Les instruments robotiques reproduisent avec précision les gestes du poignet humain dans des zones profondes et difficiles d’accès, tout en minimisant les incisions. Le robot apporte ainsi une meilleure dextérité, une vision 3D grossie du champ opératoire, et des sutures plus étanches.

Au-delà de l’innovation technologique, cette initiative porte une ambition forte: démocratiser l’accès aux soins de qualité, quel que soit l’endroit où réside le patient. «Il n’y a qu’une seule médecine. On ne devrait pas exercer une médecine différente à Casablanca ou au Sahara», a affirmé Rochdi Talib. L’objectif affiché par le président du groupe est clair: faire voyager l’expertise médicale à la vitesse de la lumière.

Un investissement humain et financier considérable

Pour Akdital, faire voyager l’expertise médicale à la vitesse de la lumière n’est pas un simple slogan, mais un engagement opérationnel. « On ne joue pas avec la vie des patients, une équipe locale était mobilisée pour prendre le relais en cas de problème», ajoute le président du groupe. Conscients des enjeux vitaux d’une telle intervention, les responsables ont mis en place un arsenal de sécurité: double réseau sécurisé, présence humaine sur place et protocoles de secours rigoureusement définis.

L’opération, qui aurait coûté 85.000 dirhams au patient en temps normal, a finalement été prise en charge en grande partie par la CNSS, soit 70.000 dirhams, à la suite d’une sollicitation de Rochdi Talib. Le patient n’a eu à s’acquitter que des 15.000 dirhams restants.
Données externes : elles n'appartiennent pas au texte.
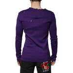 Dolce & Gabbana Purple Cotton Round Neck Pullover Men Sweater

Une première qui, selon le président d’Akdital, pourrait ouvrir la voie à une couverture plus large de ce type d’actes à l’avenir. Cette somme, bien qu’importante, ne représente qu’une fraction du budget mobilisé par le groupe pour démocratiser la chirurgie robotique: à titre d’exemple, un seul robot coûte près de 2 millions de dirhams.

Pour former les chirurgiens marocains, Akdital envoie régulièrement des médecins en Chine. Mais, comme l’a rappelé le docteur Adil Ouzzane, l’expertise ne s’acquiert qu’avec la pratique, à raison de 30 à 50 cas opérés pour atteindre un niveau optimal.

L’avenir de la chirurgie robotique au Maroc

La demande est forte, notamment pour la chirurgie de la prostate, où les patients constatent une nette différence d’issue par rapport à la chirurgie conventionnelle. En revanche, pour d’autres spécialités comme la chirurgie digestive, la perception du bénéfice est encore limitée, ce qui freine la demande.

Cela n’empêche pas Rochdi Talib de conclure avec optimisme: «Dans cinq ans, il y aura des robots partout et des médecins marocains formés pour les piloter. Nous ne sommes qu’un exemple. J’espère que d’autres suivront.»

Cette première dans un pays en développement illustre le potentiel phénoménal du capital humain marocain. En misant sur la formation, la technologie et la communication, le Maroc se positionne comme un modèle d’innovation médicale. Une vision que résume ainsi Rochdi Talib: «Nous n’avons pas de pétrole ni de gaz, mais nous avons une main-d’œuvre exceptionnelle et une matière grise extraordinaire.»